▶ What the task asks
Your answer must be an exact copy of the lines from the one containing "de los neumáticos." through the last line of the records below, with no pictures; please include nothing else.

- - - -

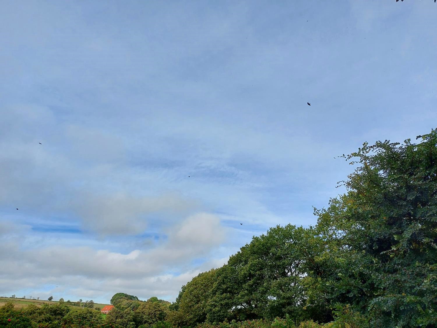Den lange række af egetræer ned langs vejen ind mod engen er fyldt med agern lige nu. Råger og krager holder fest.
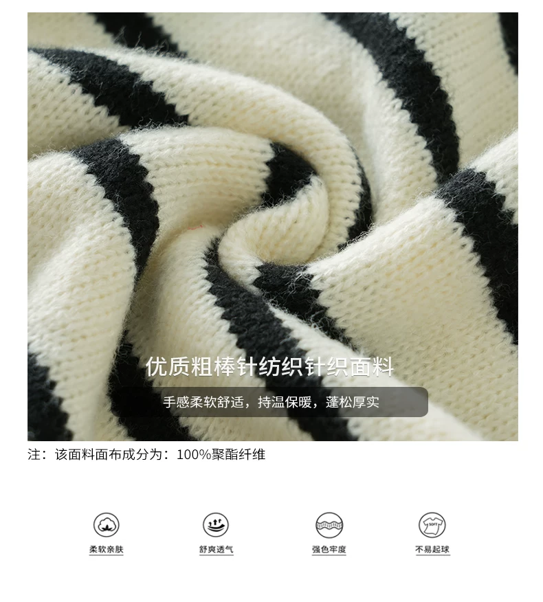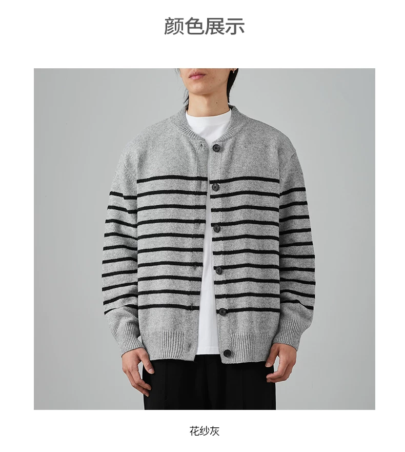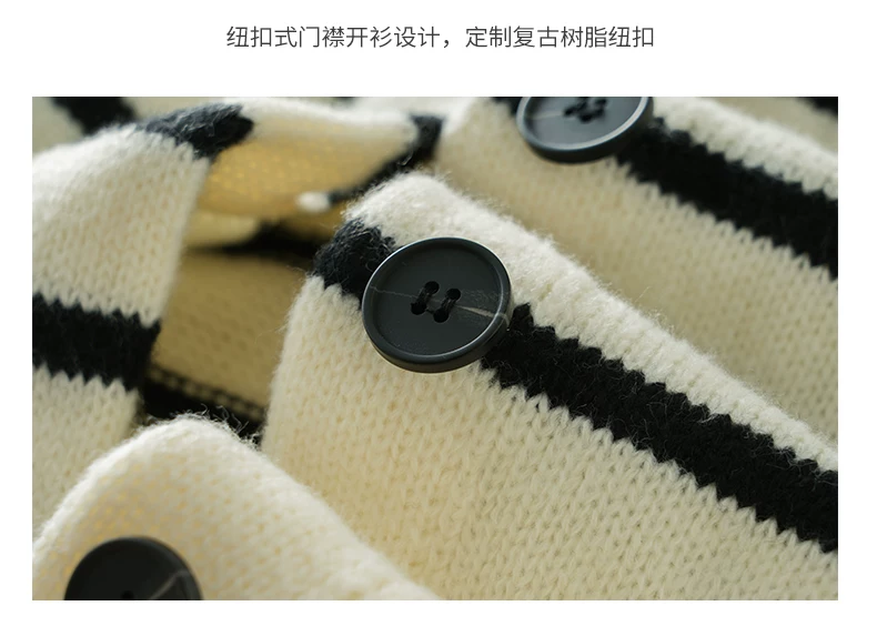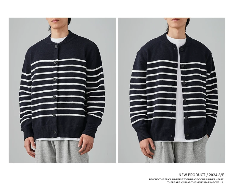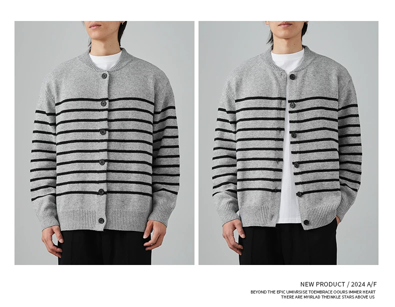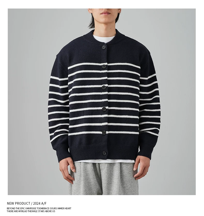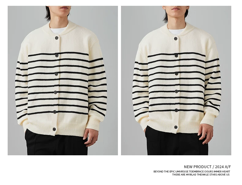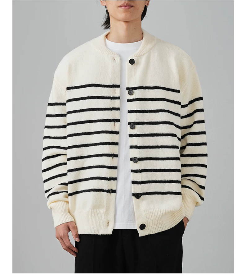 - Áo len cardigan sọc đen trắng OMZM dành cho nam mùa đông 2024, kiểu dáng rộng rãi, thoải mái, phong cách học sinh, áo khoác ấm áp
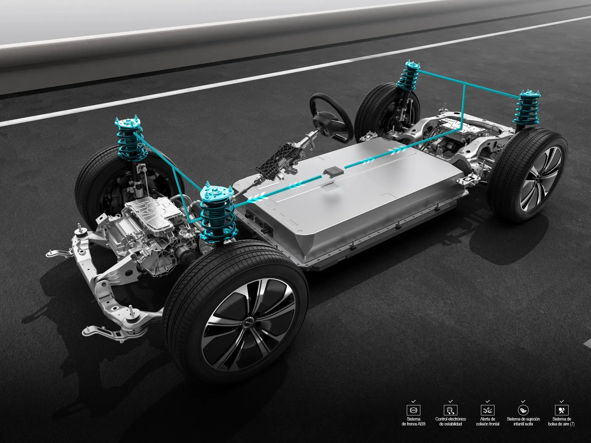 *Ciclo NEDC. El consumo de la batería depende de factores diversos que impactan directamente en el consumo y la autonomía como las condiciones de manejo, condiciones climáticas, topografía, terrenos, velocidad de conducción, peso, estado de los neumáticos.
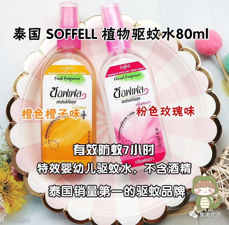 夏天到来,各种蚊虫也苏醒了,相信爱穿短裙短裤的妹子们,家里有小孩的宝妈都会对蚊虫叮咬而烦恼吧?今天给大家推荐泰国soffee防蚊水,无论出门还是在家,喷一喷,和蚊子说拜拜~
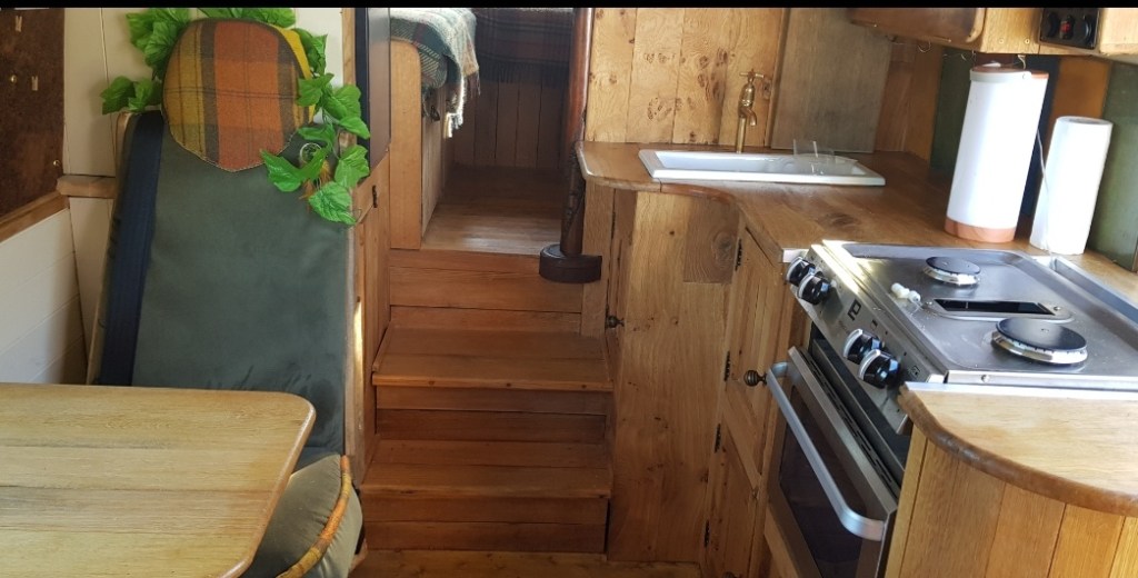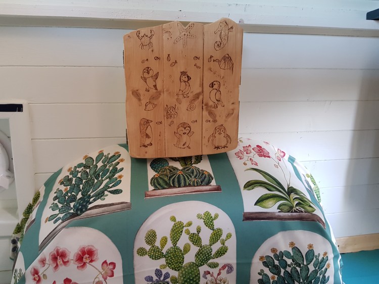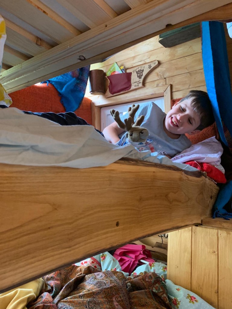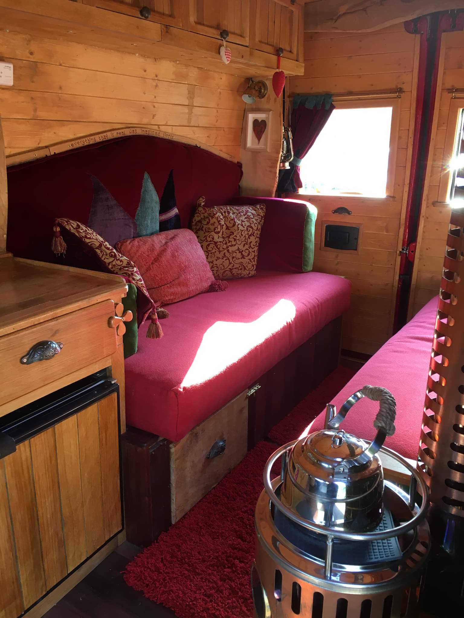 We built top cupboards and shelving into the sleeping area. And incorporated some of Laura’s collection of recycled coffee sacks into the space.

- - - -

▶ Answer box
 *Ciclo NEDC. El consumo de la batería depende de factores diversos que impactan directamente en el consumo y la autonomía como las condiciones de manejo, condiciones climáticas, topografía, terrenos, velocidad de conducción, peso, estado de los neumáticos.
 夏天到来,各种蚊虫也苏醒了,相信爱穿短裙短裤的妹子们,家里有小孩的宝妈都会对蚊虫叮咬而烦恼吧?今天给大家推荐泰国soffee防蚊水,无论出门还是在家,喷一喷,和蚊子说拜拜~
 We built top cupboards and shelving into the sleeping area. And incorporated some of Laura’s collection of recycled coffee sacks into the space.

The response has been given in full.